Query optimization tips
Limit time ranges for high-cardinality metrics
# Be cautious with broad queries over long time ranges
sum by ("service.name") ({"http.server.duration"}[1h])
Aggregate early when possible
# Better - aggregate before complex operations
sum(rate({"http.server.request.count"}[5m])) by ("service.name")
# Avoid - complex operations on high cardinality labels unless necessary
rate(sum({"http.server.request.count"}[5m]) by ("service.name", "http.method", "http.status_code"))
For more information on aggregation operators, see Prometheus aggregation operators.
Troubleshooting common issues
Missing metrics with dots in names
Problem: Queries return no data for metrics like http.server.duration.
Solution: Use UTF-8 quoting with curly braces or __name__ selector:
# Try UTF-8 quoting with curly braces first
{"http.server.duration"}
# Fallback to __name__
{__name__="http.server.duration"}
Incorrect rate calculations
Problem: Rate calculations show unexpected spikes or drops.

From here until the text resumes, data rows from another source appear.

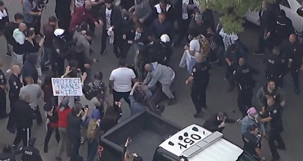 La Escuela Primaria Saticoy de North Hollywood fue escenario de una tensa protesta cuando más de 100 padres se congregaron en rechazo a una asamblea del Día del Orgullo. Portando pancartas con mensajes críticos como «No hay orgullo en emperifollarse» y «Dejen en paz a nuestros hijos», los manifestantes expresaron su descontento frente a la escuela. Al mismo tiempo, en el lado opuesto de la calle, aproximadamente 100 personas se unieron en una contraprotesta en apoyo a los derechos y la educación del colectivo LGBTQ+.
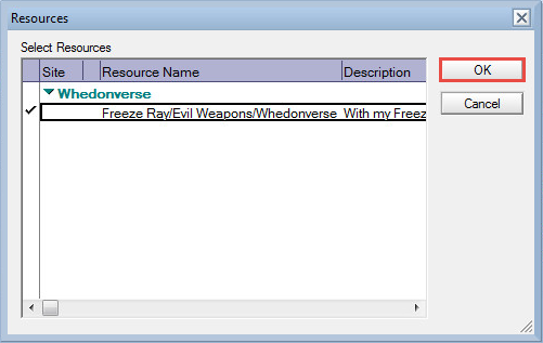 6. A message box appears displaying the resources you selected in the previous step; click OK to continue
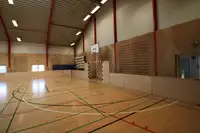 - 1 große Sporthalle mit Banden, Handballtoren und Volleyballfeld
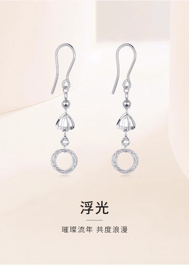 Lao Fengxiang PT950 platinum wire-wound ring ear hooks for women, versatile birthday, Valentine's Day, birthday gift for girlfriend and wife, platinum wire-wound ring ear hooks, one pair, about 2.9g + brand gift box
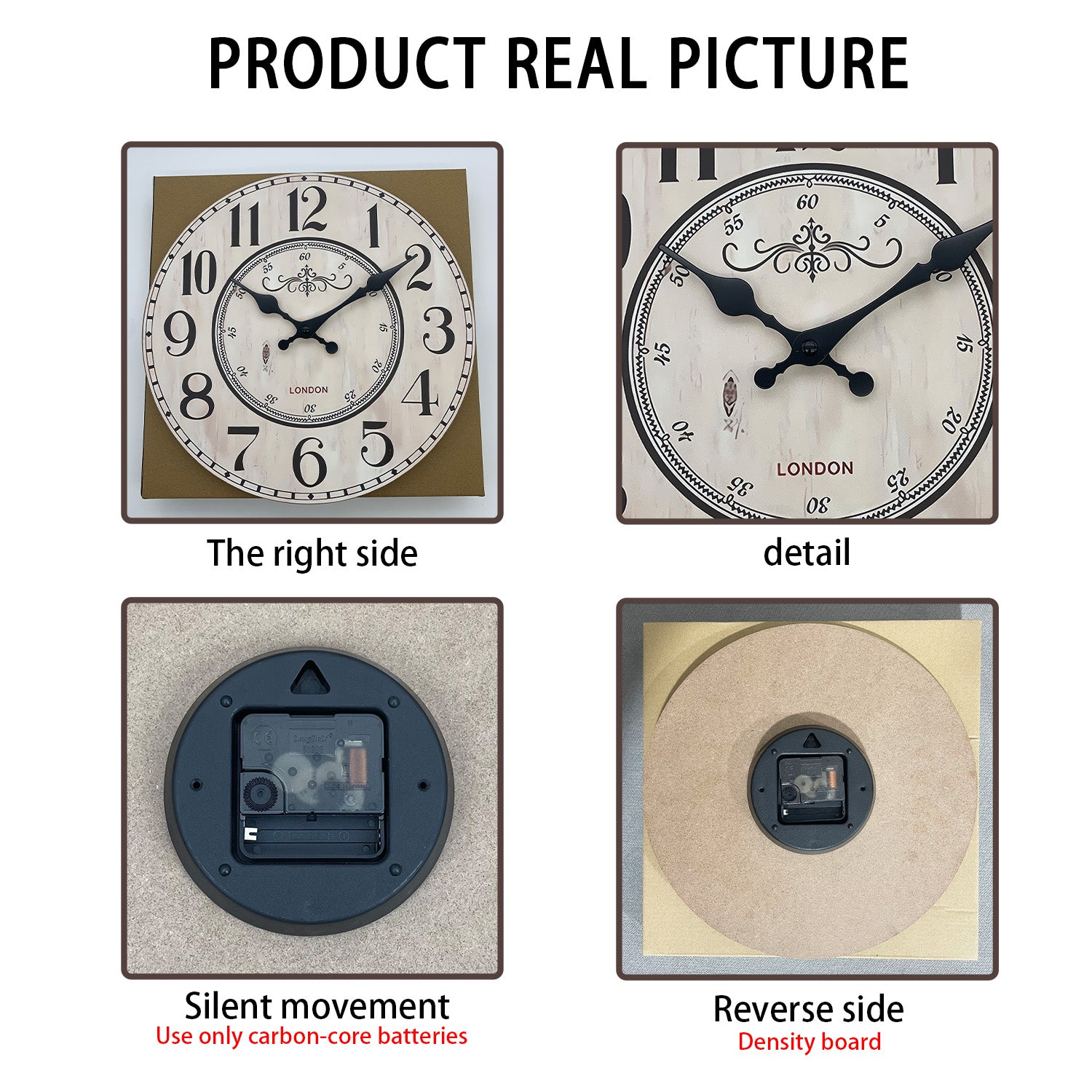 Vintage London Wooden Wall Clock Silent Non-ticking Battery Operated for Living Room
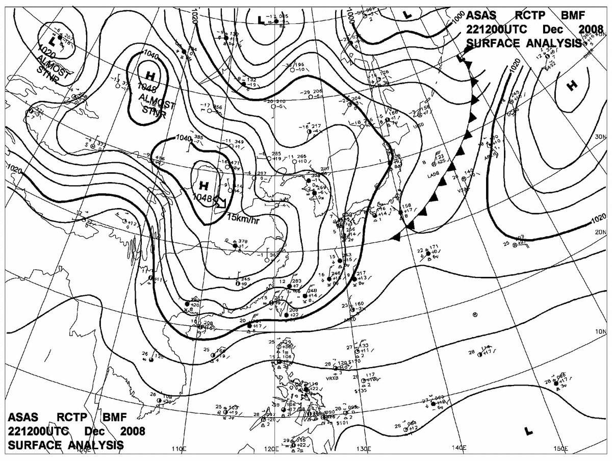 2008/12/22 12z sfcmap 天氣圖
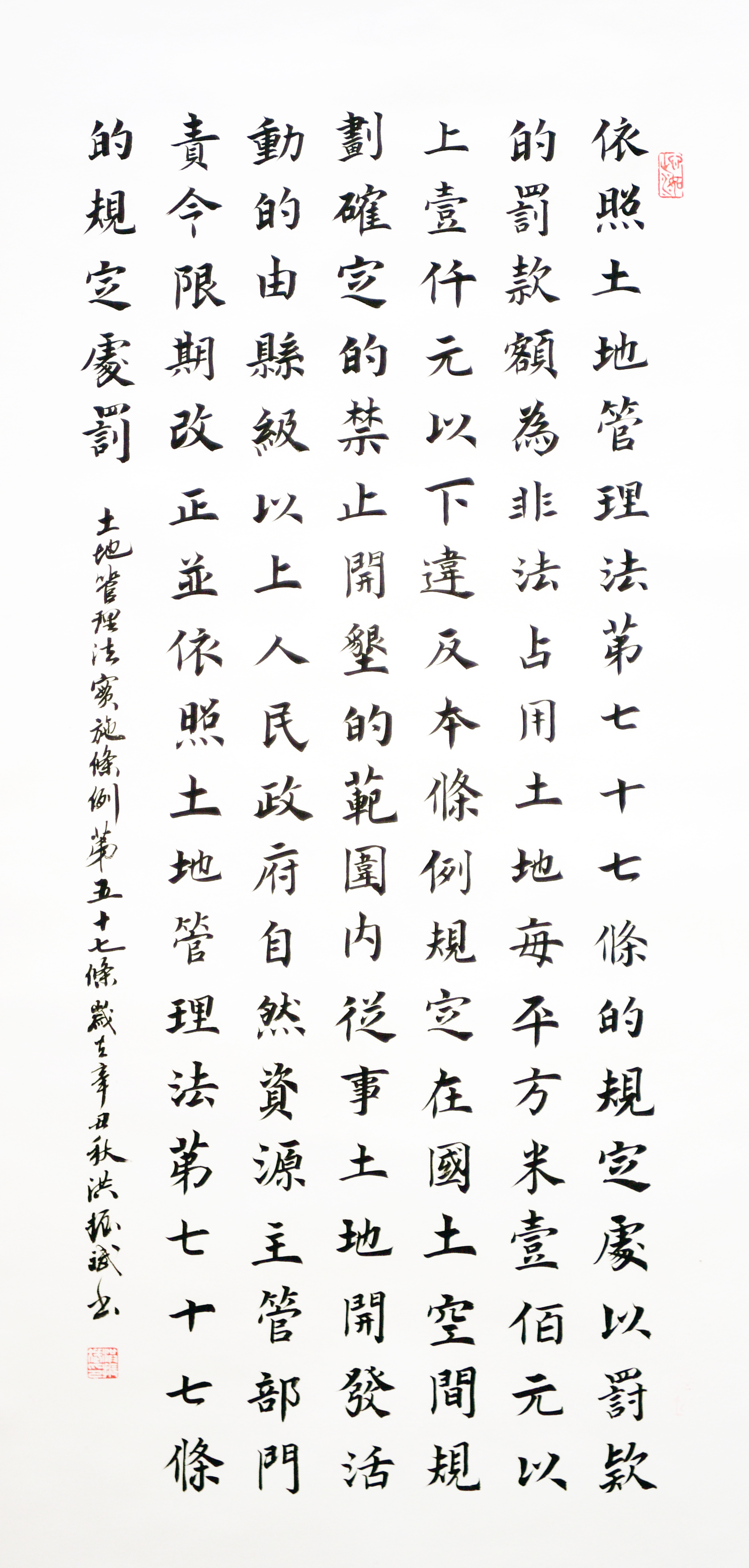 繼1600余位書法家參與書寫《中華人民共和國民法典》全部1260條法條之后,法治日報社聯合自然資源部法規(guī)司、自然資源部書畫研究會和北京昌平書法家協會,將筆端對準土地管理“一法一條例”,即《中華人民共和國土地管理法》和《中華人民共和國土地管理法實施條例》。
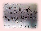 <<2012年>> ![]() 2012.05.03 ぽこあぽこの一番最初の生徒アヤミちゃんの赤ちゃん。 3か月のAと君です。おぎゃっと21の会場で久しぶりに再会しました。 初期の頃(十数年前)の卒業生はもうママになってるのねぇ〜! 左:おぎゃっと21の会場にて。 右:5月5日の初節句 Aと君の足型でこいのぼりを作ったそうです。 グッドアイデアだね〜〜☆ ![]() ![]() 2012.4.25幼稚園へ入園したSちゃんより。 レッスン最終日に撮った写真を一緒に同封してくれました お手紙と折り紙ありがとう〜! リトミックの時もお手紙たくさんくれたね☆ありがとう 幼稚園元気に通ってね〜(#^.^#) ![]() 2012.4.14小学校へ入学したA太君より。島田教室。 翌日レッスンで会うのに、切手を貼って送ってきてくれました。 大きな桜の下で、パパと一緒にジャンプしているA太くん。 入学した喜びが伝わってきます。 小松島から毎週通ってくれてありがとう! ![]() 2012.4.14 幼稚園へ入園したYかちゃんより。 お手紙に折り紙と写真をつけてくれました。 写真は自分で選んだんですって!右はママからのお手紙。 ありがとね〜嬉しかったです。 ![]() ![]() 2012.3.21ココネちゃんパパより。住吉教室 パパと娘ちゃんでいつも参加。 最終日に私の座右の銘のお酒を贈ってくださいました。 ありがとうございます。早速いただいてます(#^.^#) ![]() 2012.3.21カレンちゃんママよりお手紙。住吉教室 リトミックのある日は保育園をお休みして 来てくれていました。ありがとね☆ ![]() ユイちゃんよりレッスン最終日に。島田教室 「お世話になりました」と言って 手渡してくれました。ありがとね〜! 美味しかったよ(#^.^#) ![]() 2012.3.15カイくんよりお手紙。北島教室レッスン最終日に。 男の子は少なかったけど、いつもニコニコと参加してくれてたね。 前へ出てくるのも、恥ずかしくなくなって、とっても大人になりました(#^.^#) ![]() 2012.3.15ユメカちゃんよりお手紙。北島教室レッスン最終日に。 レッスンのたびにたくさんお手紙をくれました。これが最後だね〜。 幼稚園へ行ってもお友達たくさん作ってね! ![]() 2012.1月マサト君ママよりお手紙。島田教室pクラス 途中で転勤になっちゃいました(;_:) 向こうでもマサト君にあうリトミックのお教室が見つかるといいね。 |
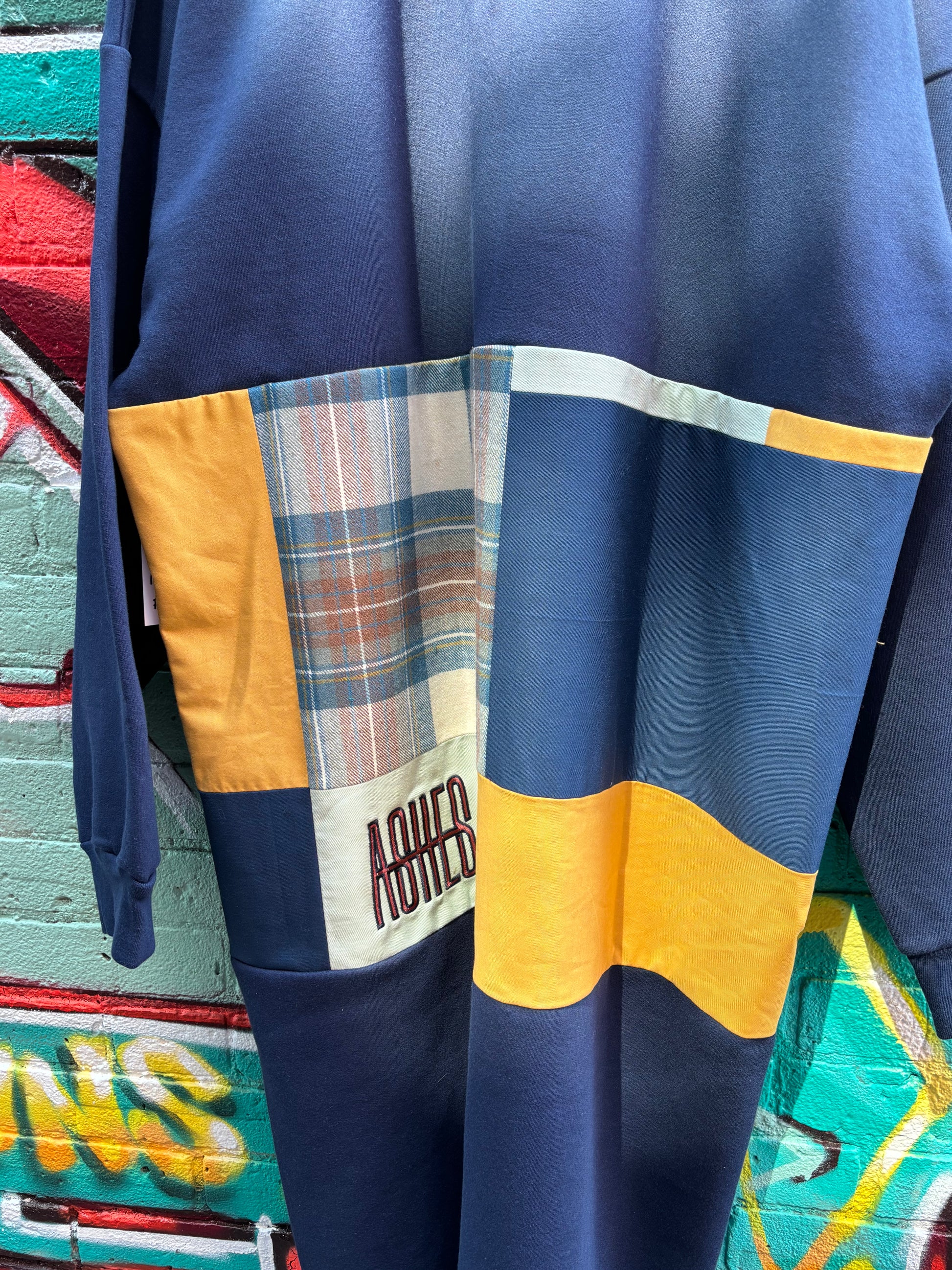 Quilt body by GEZELLIG Studio with plaid , mint and mustard yellow patchwork squares. Completely one of a kind and unique.

Solution: Verify temporality and adjust queries:
# For cumulative metrics
rate({"http.server.request.count"}[5m])
# For delta metrics (no rate needed)
{"http.server.request.count"}
Label name conflicts
Problem: OpenTelemetry resource attributes conflict with Prometheus conventions.
Solution: Use explicit label selection:
# Specify the exact label name
{"service.name"="my-service"}
# Avoid regex when possible
{"service.name"!~"other-service"}